ABOUT THIS EXERCISE ->
Print, word for word, every line from the beginning of the listing up to and including the line with "Crie uma comemoração". Pictures are to be excluded.
(DATA UNDER STUDY begins)
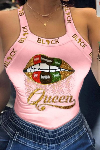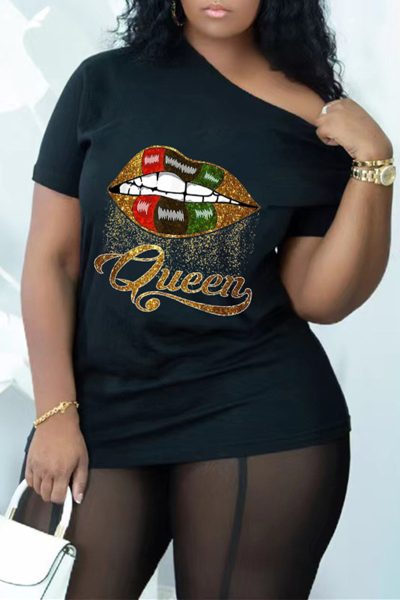 Sexy Print Split Joint Asymmetrical Zipper Zipper Collar Tops
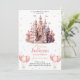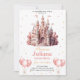 Crie uma comemoração mágica de aniversário com este convite à princesa personalizada! Apresentando um castelo sonhador e um elegante design cor-de-rosa, este convite é perfeito para uma festa de temas reais. Personalize com o nome, a idade e os detalhes do evento do seu filho para torná-lo especial.
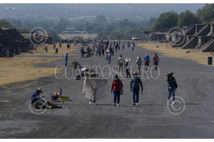 SAN JUAN TEOTIHUACÁN, ESTADO DE MÉXICO, 24FEBRERO2020.- Por segunda ocasión fue reabierta la zona Arqueológica de Teotihuacán después de de permanecer cerrada al público debido a la emergencia sanitaria por la pandemia de covid-19. El aforo continúa al 30% con accesos a las explanadas y plazas abiertas como la calzada de los muertos, mientras el ascenso a las pirámides de la luna y sol aún no son permitidos. El horario se mantiene de 9 a 15 horas siguiendo las medidas sanitarias correspondientes durante el semáforo naranja epidemiológico. FOTO: MARIO JASSO /CUARTOSCURO.COM
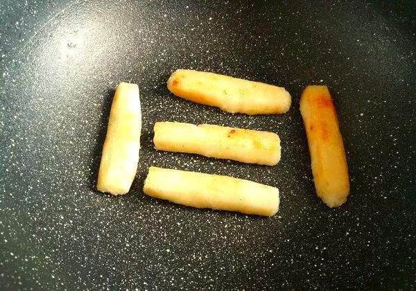 煎至年糕條的每一面都呈現(xiàn)出金黃色,質(zhì)地變得柔軟。
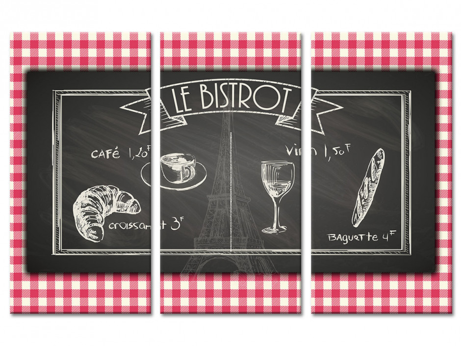 Tableau toile triptyque BISTROT À LA FRANÇAISE
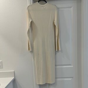 Chic and versatile ribbed knit sweater dress in a soft cream shade. Features long sleeves, a flattering v-neckline, and a full button-front closure with neutral buttons. Midi length makes it perfect for layering or wearing on its own. Effortless style that can be dressed up with heels or kept casual with sneakers or boots. Great for layering with jackets and cardigans. Condition: Brand New With Tags some small call outs. Appears to be a snag on the back of the neck and some pallet dust that I believe will come out in the wash. See pictures. Style Tags: #Minimalist #ChicStyle #SweaterDress #NeutralTones #FallStyle
(DATA UNDER STUDY ends)
SOLUTION ->
 Sexy Print Split Joint Asymmetrical Zipper Zipper Collar Tops
 Crie uma comemoração mágica de aniversário com este convite à princesa personalizada! Apresentando um castelo sonhador e um elegante design cor-de-rosa, este convite é perfeito para uma festa de temas reais. Personalize com o nome, a idade e os detalhes do evento do seu filho para torná-lo especial.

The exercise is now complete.